Hofmeijer Jeannette, van Kaam C R, van de Werff Babette, Vermeer Sarah E, Tjepkema-Cloostermans Marleen C, van Putten Michel J A M
Department of Clinical Neurophysiology, MIRA Institute for Biomedical Technology and Technical Medicine, University of Twente, Enschede, Netherlands.
Department of Neurology, Rijnstate Hospital, Arnhem, Netherlands.
Front Neurol. 2018 Jan 25;9:17. doi: 10.3389/fneur.2018.00017. eCollection 2018.
There is strong evidence suggesting detrimental effects of cortical spreading depolarization (CSD) in patients with acute ischemic stroke and severe traumatic brain injury. Previous studies implicated scalp electroencephalography (EEG) features to be correlates of CSD based on retrospective analysis of EEG epochs after having detected "CSD" in time aligned electrocorticography. We studied the feasibility of CSD detection in a prospective cohort study with continuous EEG in 18 patients with acute ischemic stroke and 18 with acute severe traumatic brain injury.
Full band EEG with 21 silver/silver chloride electrodes was started within 48 h since symptom onset. Five additional electrodes were used above the infarct. We visually analyzed all raw EEG data in epochs of 1 h. Inspection was directed at detection of the typical combination of CSD characteristics, i.e., (i) a large slow potential change (SPC) accompanied by a simultaneous amplitude depression of >1Hz activity, (ii) focal presentation, and (iii) spread reflected as appearance on neighboring electrodes with a delay.
In 3,035 one-hour EEG epochs, infraslow activity (ISA) was present in half to three quarters of the registration time. Typically, activity was intermittent with amplitudes of 40-220 µV, approximately half was oscillatory. There was no specific spatial distribution. Relevant changes of ISA were always visible in multiple electrodes, and not focal, as expected in CSD. ISA appearing as "SPC" was mostly associated with an amplitude increase of faster activities, and never with suppression. In all patients, depressions of spontaneous brain activity occurred.
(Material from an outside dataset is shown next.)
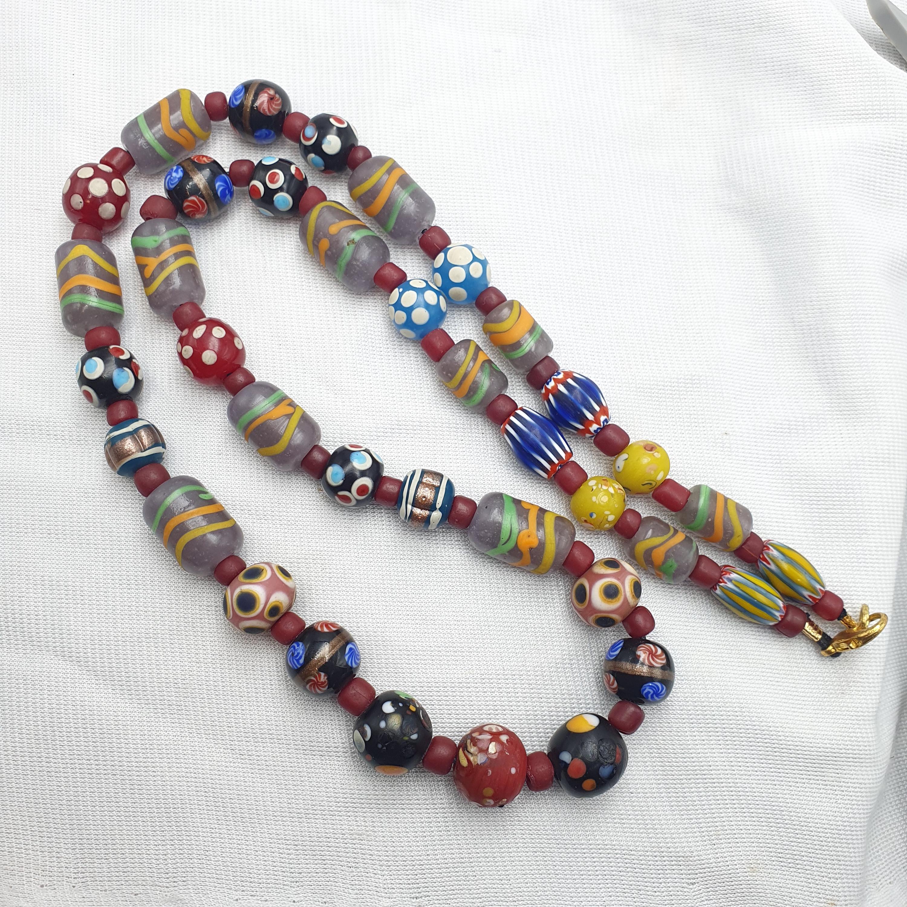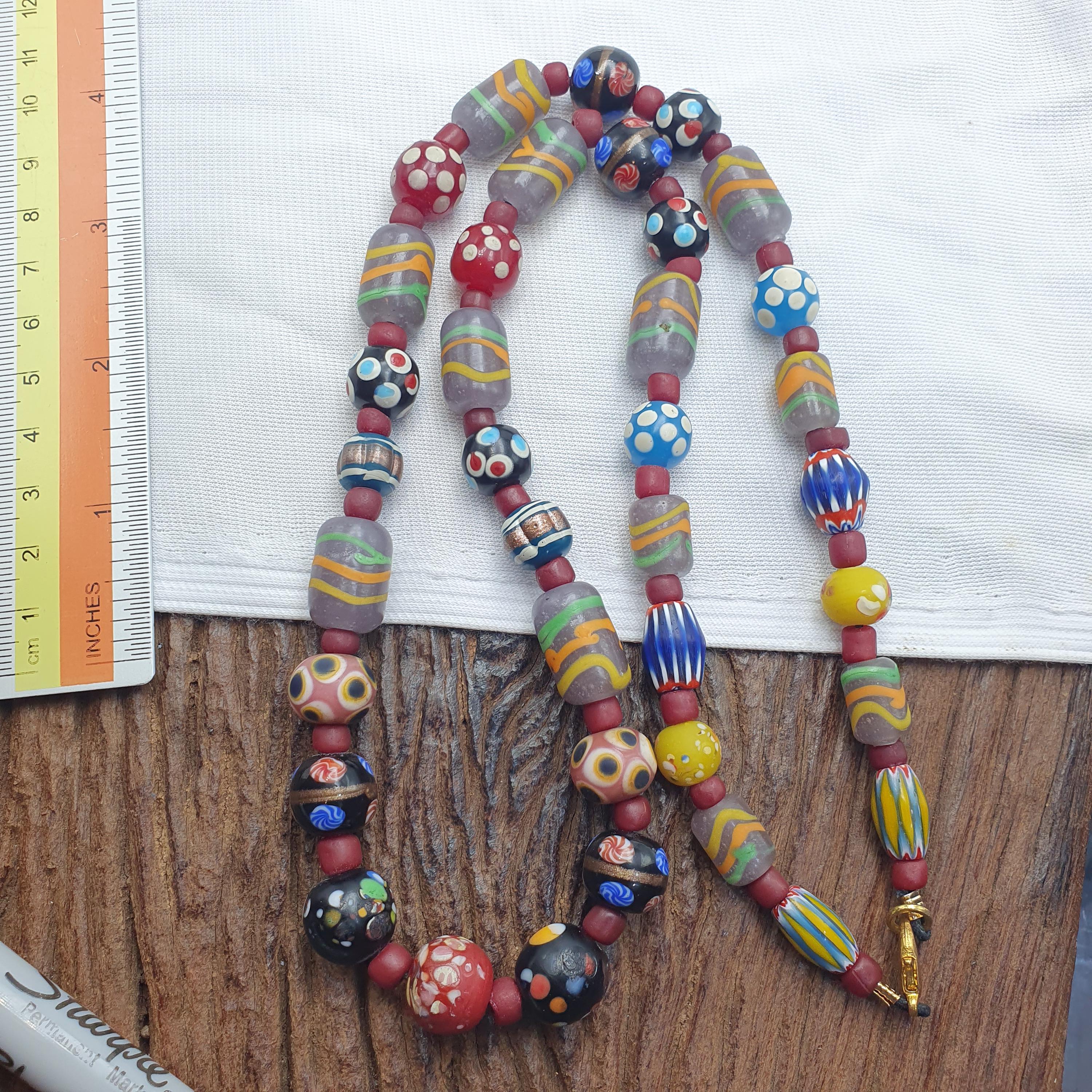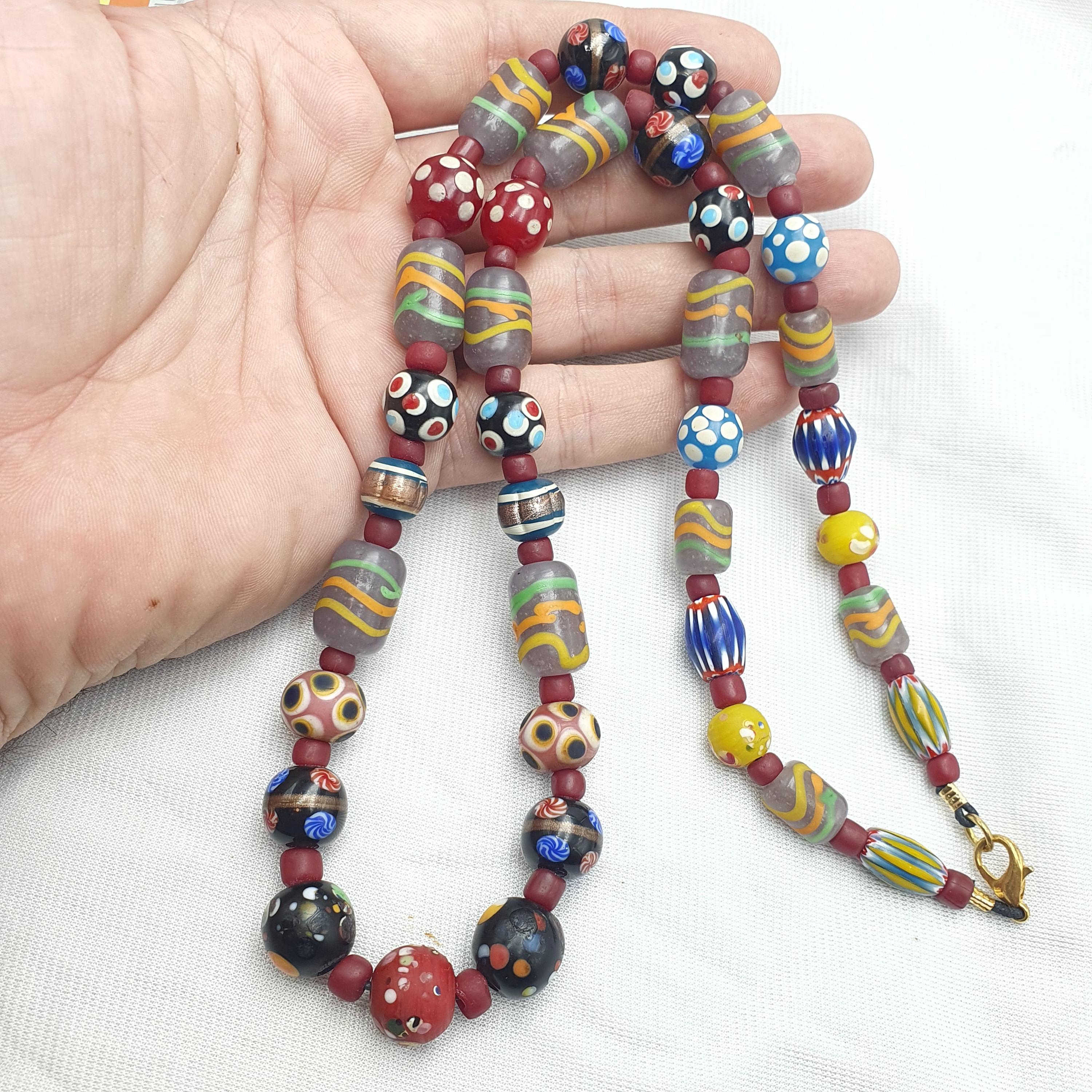 Add a touch of vintage elegance and bold personality to your jewelry collection today with this one-of-a-kind Venetian style bead necklace!

However, these were not accompanied by simultaneous SPC, occurred simultaneously on all channels, and were not focal, let alone spread, as expected in CSD.
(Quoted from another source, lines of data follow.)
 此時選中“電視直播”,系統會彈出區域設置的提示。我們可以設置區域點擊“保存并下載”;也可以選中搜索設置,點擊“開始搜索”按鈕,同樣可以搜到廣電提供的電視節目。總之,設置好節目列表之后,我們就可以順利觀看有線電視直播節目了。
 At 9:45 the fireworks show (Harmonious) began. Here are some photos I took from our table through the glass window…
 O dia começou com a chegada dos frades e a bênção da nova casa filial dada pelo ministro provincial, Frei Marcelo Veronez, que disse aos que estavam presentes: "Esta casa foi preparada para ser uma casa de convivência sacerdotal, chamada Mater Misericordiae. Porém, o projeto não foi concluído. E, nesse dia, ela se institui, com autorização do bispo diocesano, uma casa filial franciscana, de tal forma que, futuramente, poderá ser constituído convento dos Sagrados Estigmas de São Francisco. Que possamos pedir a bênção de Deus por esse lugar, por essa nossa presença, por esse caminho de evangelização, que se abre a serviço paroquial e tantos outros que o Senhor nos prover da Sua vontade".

With full band scalp EEG in patients with cortical ischemic stroke or traumatic brain injury, we observed various ISA, probably modulating cortical excitability. However, we were unable to identify unambiguous characteristics of CSD.
有强有力的证据表明,皮质扩散性去极化(CSD)对急性缺血性中风和重度创伤性脑损伤患者有有害影响。以往的研究基于在时间对齐的皮层脑电图中检测到“CSD”后对脑电图片段的回顾性分析,认为头皮脑电图(EEG)特征与CSD相关。我们在一项前瞻性队列研究中,对18例急性缺血性中风患者和18例急性重度创伤性脑损伤患者进行连续脑电图监测,研究CSD检测的可行性。
症状发作后48小时内开始使用21个银/氯化银电极进行全频段脑电图监测。在梗死灶上方额外使用了5个电极。我们对1小时片段的所有原始脑电图数据进行视觉分析。检查旨在检测CSD特征的典型组合,即:(i)伴有大于1Hz活动同时幅度降低的大慢电位变化(SPC),(ii)局灶性表现,以及(iii)以相邻电极上出现且有延迟为表现的扩散。
在3035个1小时的脑电图片段中,低频活动(ISA)在记录时间的一半至四分之三时间内出现。通常,活动是间歇性的,幅度为40 - 220µV,约一半是振荡性的。没有特定的空间分布。ISA的相关变化总是在多个电极上可见,并非如CSD预期的那样局灶性。表现为“SPC”的ISA大多与更快活动的幅度增加相关,从未与抑制相关。所有患者均出现自发性脑活动降低。然而,这些并未伴有同时的SPC,在所有通道上同时出现,并非局灶性,更不用说如CSD预期的那样扩散了。
对于皮质缺血性中风或创伤性脑损伤患者进行全频段头皮脑电图监测时,我们观察到了各种ISA,可能在调节皮质兴奋性。然而,我们未能识别出CSD的明确特征。